Would you reproduce the whole listing exactly, minus its images?

DATA BELOW
- - -

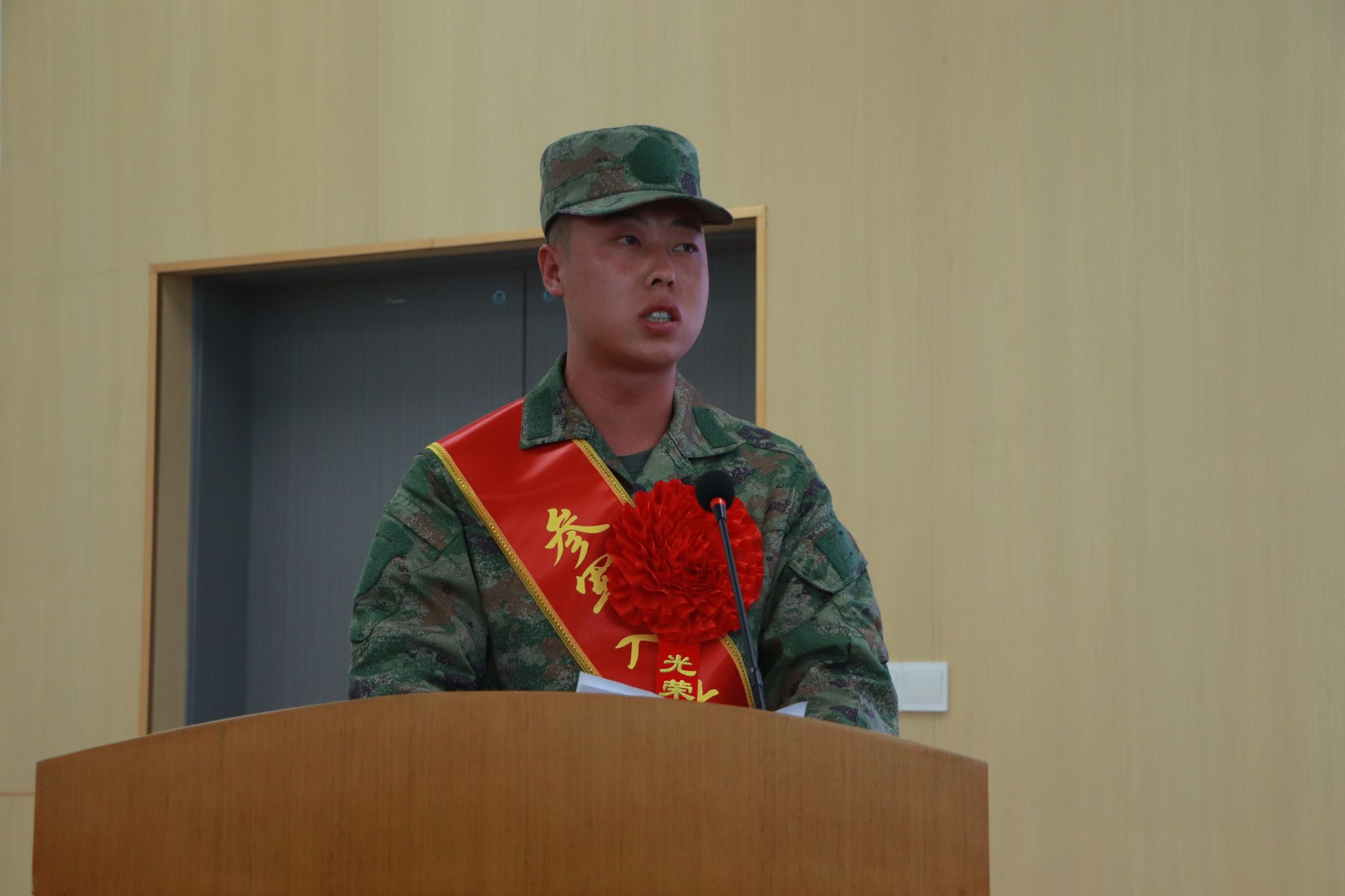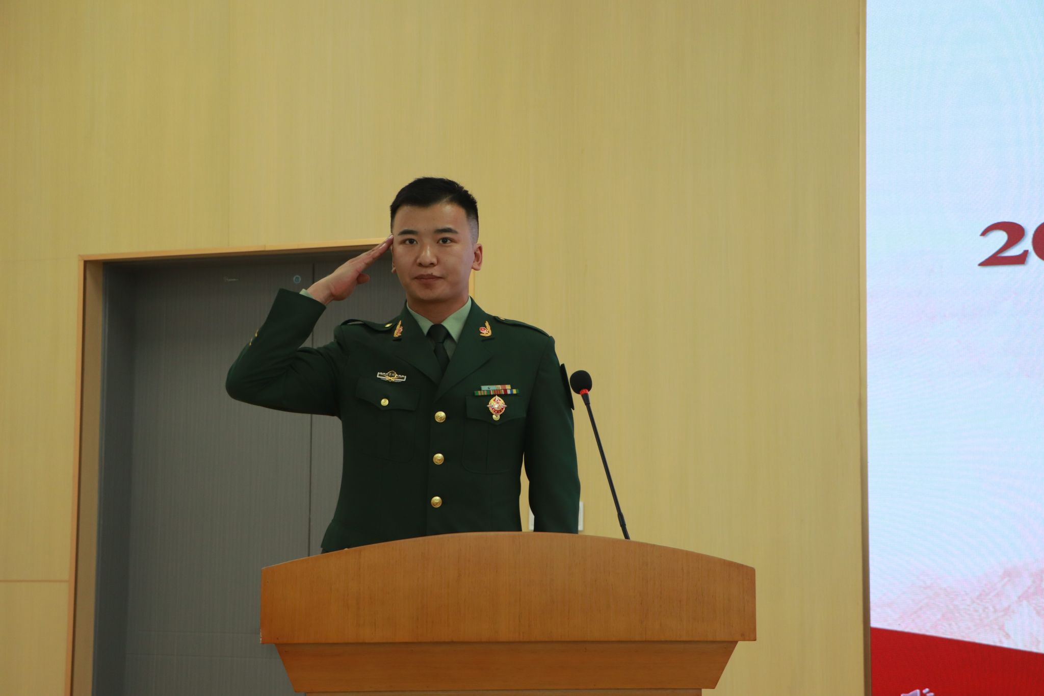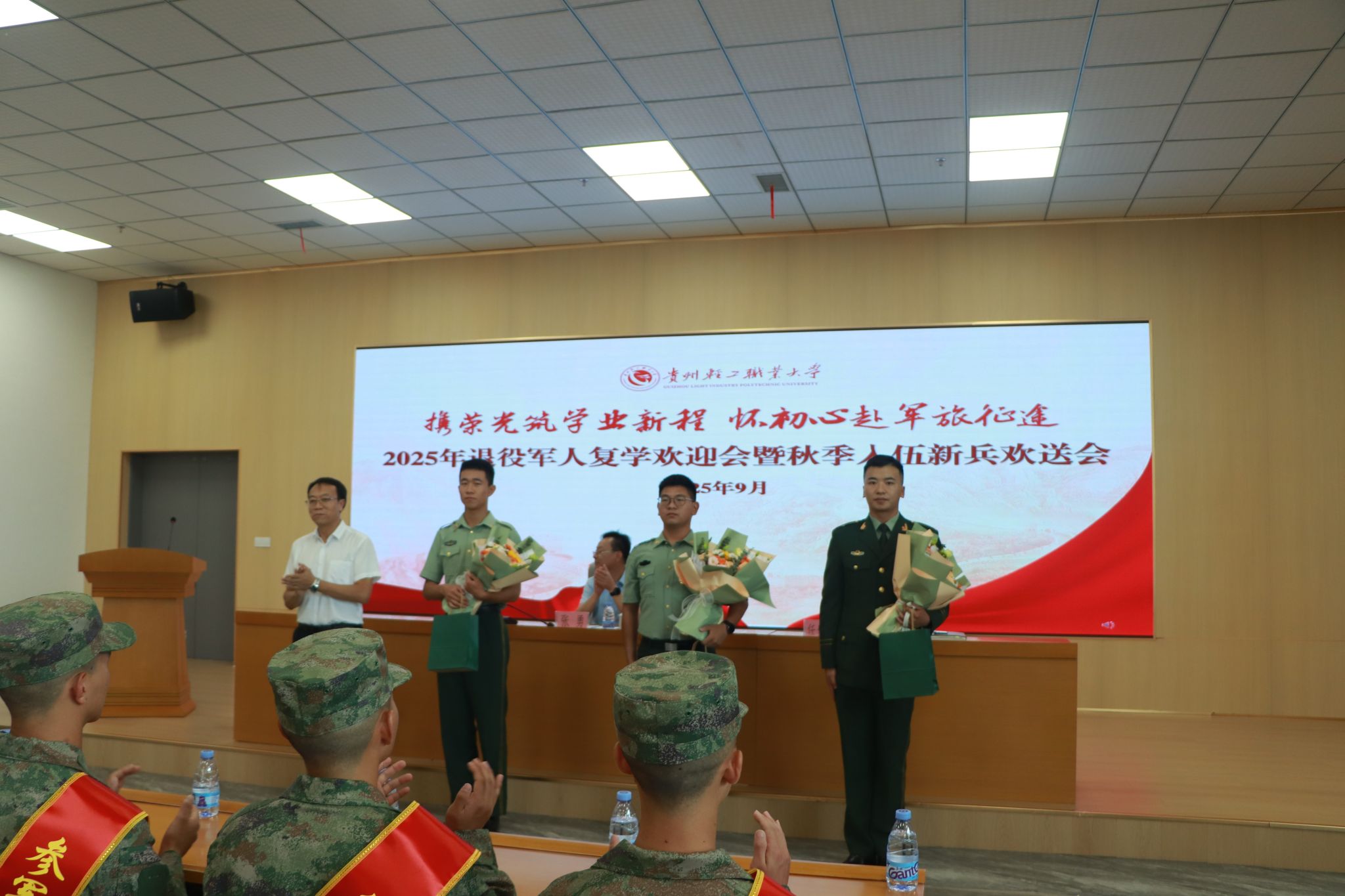 活动在庄严的国歌声中拉开序幕。活动现场,与会领导为学校2025年退役复学军人代表颁发纪念品,为入伍新兵代表颁发“从戎之剑”。轻工化工系宋邦童同学代表退役复学军人发言,回顾了军旅岁月,讲述从军故事,表达了退役复学后践行技能报国的信心和决心;经济管理系二次入伍学生李爱爱同学代表入伍新兵发言,感恩学校无私培养和关心关爱,表达了青年学子建设国防、矢志报国的壮志豪情。
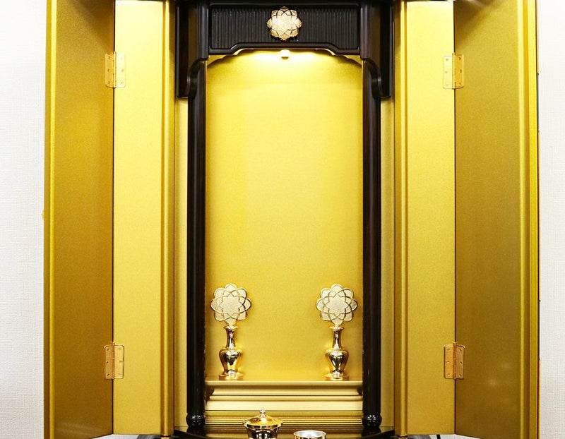 お厨子を開くと美しくクリア金色塗装の厨子板がご本尊様をさらに荘厳にしてくれます。 内部には蛍光灯照明も付属していますのでご本尊様を明るく照らしてくれます。
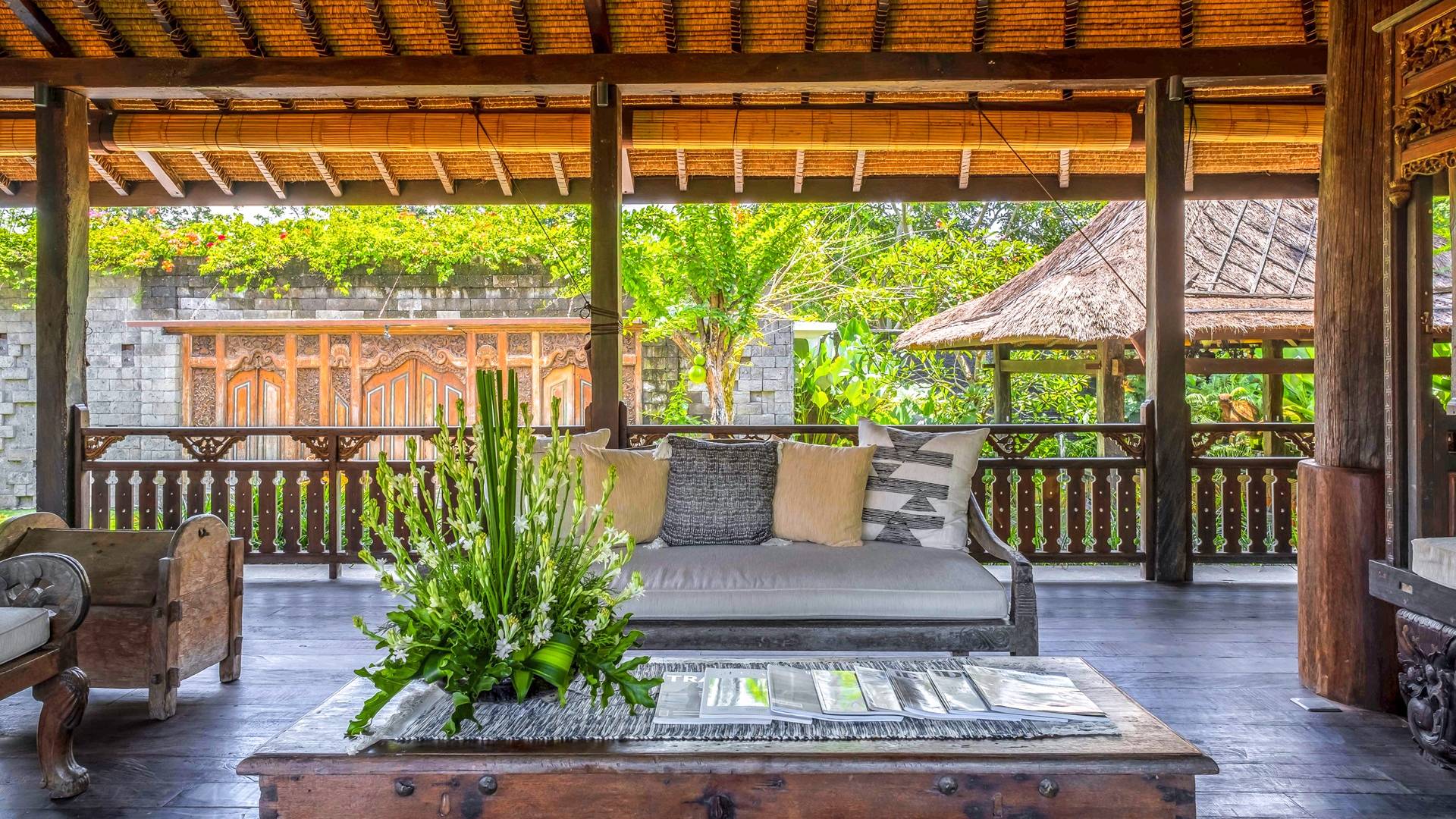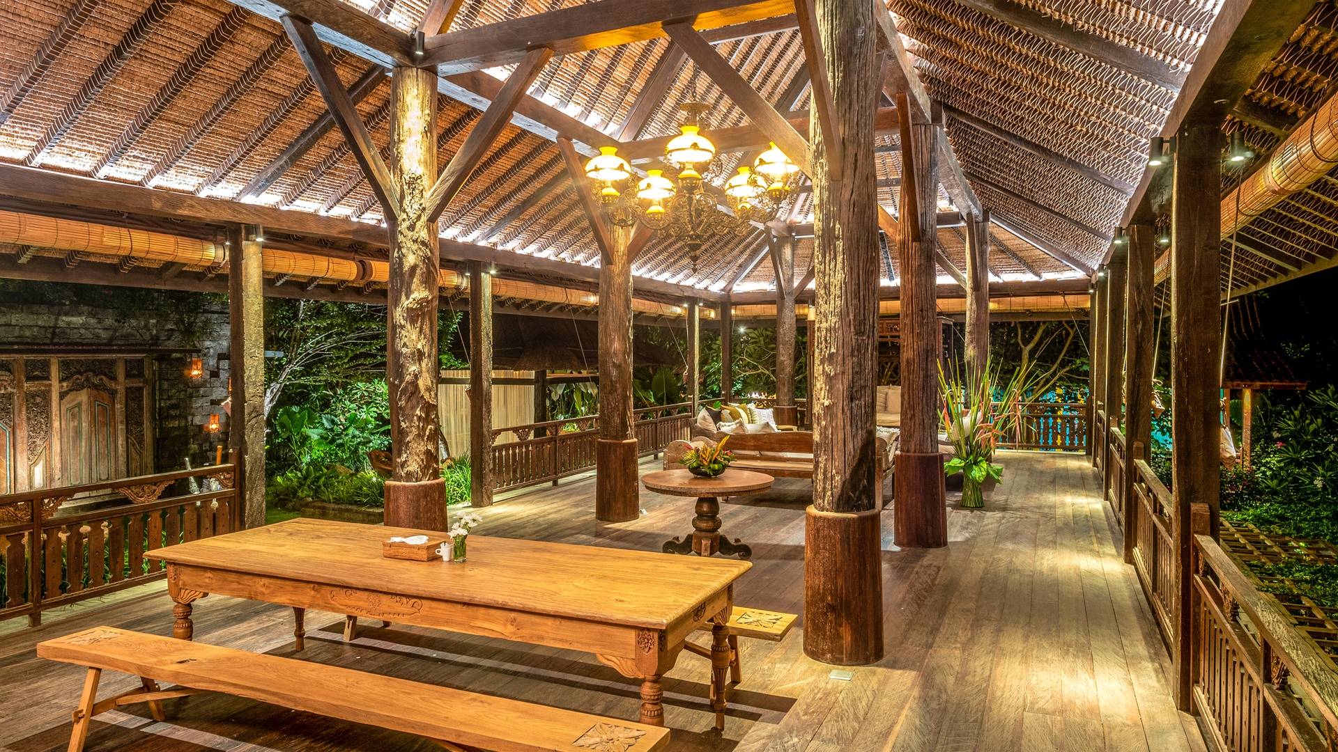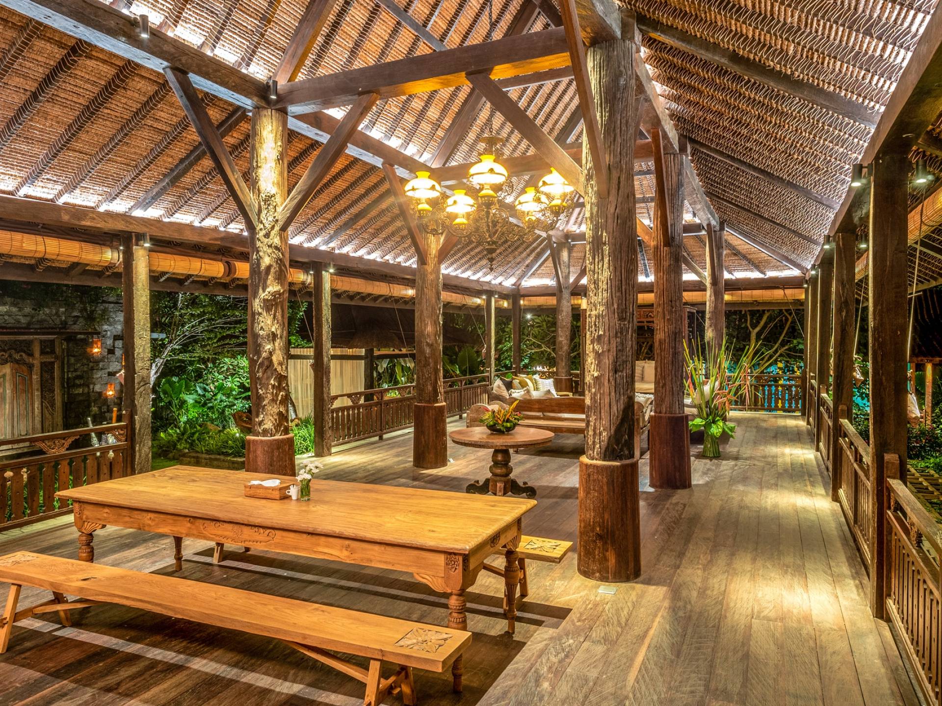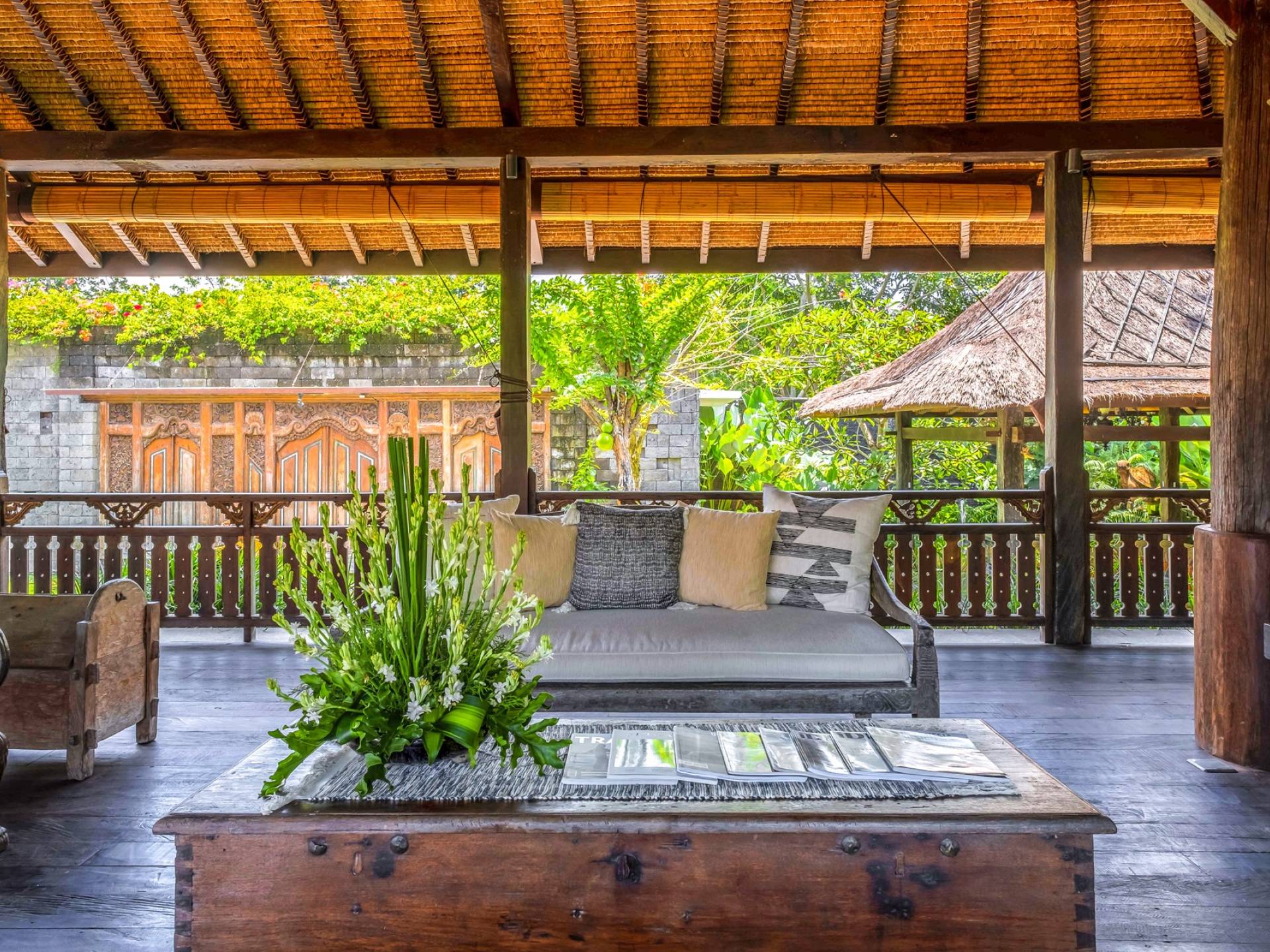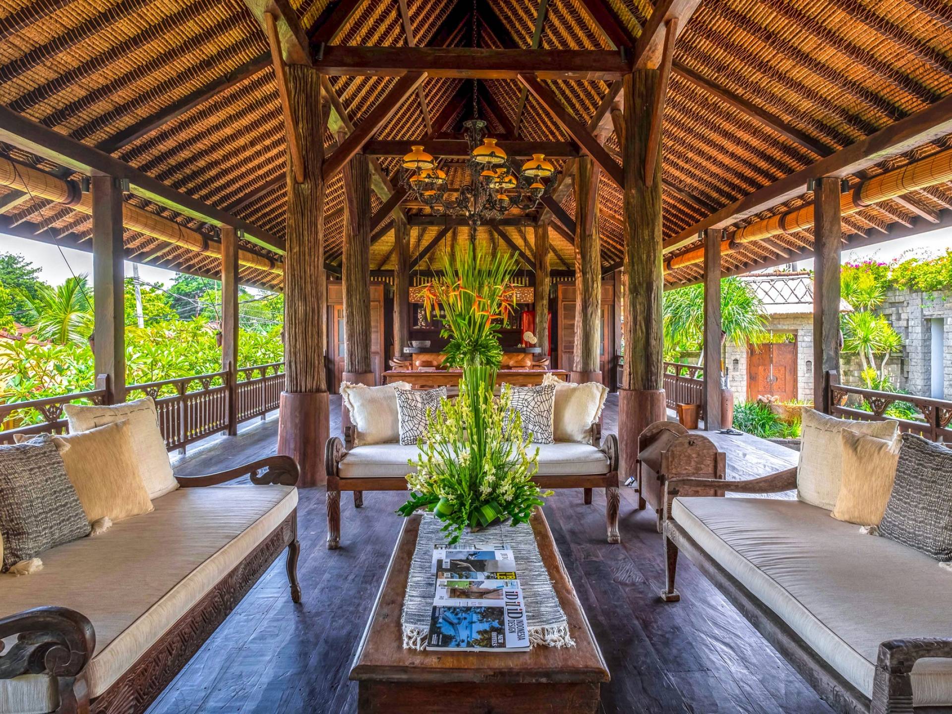 Огромный полуоткрытый павильон в балийском стиле - сердце общества на вилле. Под высокой соломенной крышей из аланг-аланга вы найдете шикарные, но современные кресла, традиционную яванскую кушетку и большой диван. Кухня в островном стиле и барная стойка с раковиной оборудованы эспрессо-машиной, а барные стулья у стойки - идеальное место, чтобы насладиться коктейлем или бутылкой вина, чтобы отпраздновать отпуск на Бали. В обеденной зоне потрясающий старинный обеденный стол из железного дерева - идеальное место для повседневных завтраков, а также ужинов при свечах, приготовленных вашим поваром на частной вилле.

- - -

ANSWER BOX
 活动在庄严的国歌声中拉开序幕。活动现场,与会领导为学校2025年退役复学军人代表颁发纪念品,为入伍新兵代表颁发“从戎之剑”。轻工化工系宋邦童同学代表退役复学军人发言,回顾了军旅岁月,讲述从军故事,表达了退役复学后践行技能报国的信心和决心;经济管理系二次入伍学生李爱爱同学代表入伍新兵发言,感恩学校无私培养和关心关爱,表达了青年学子建设国防、矢志报国的壮志豪情。
 お厨子を開くと美しくクリア金色塗装の厨子板がご本尊様をさらに荘厳にしてくれます。 内部には蛍光灯照明も付属していますのでご本尊様を明るく照らしてくれます。
 Огромный полуоткрытый павильон в балийском стиле - сердце общества на вилле. Под высокой соломенной крышей из аланг-аланга вы найдете шикарные, но современные кресла, традиционную яванскую кушетку и большой диван. Кухня в островном стиле и барная стойка с раковиной оборудованы эспрессо-машиной, а барные стулья у стойки - идеальное место, чтобы насладиться коктейлем или бутылкой вина, чтобы отпраздновать отпуск на Бали. В обеденной зоне потрясающий старинный обеденный стол из железного дерева - идеальное место для повседневных завтраков, а также ужинов при свечах, приготовленных вашим поваром на частной вилле.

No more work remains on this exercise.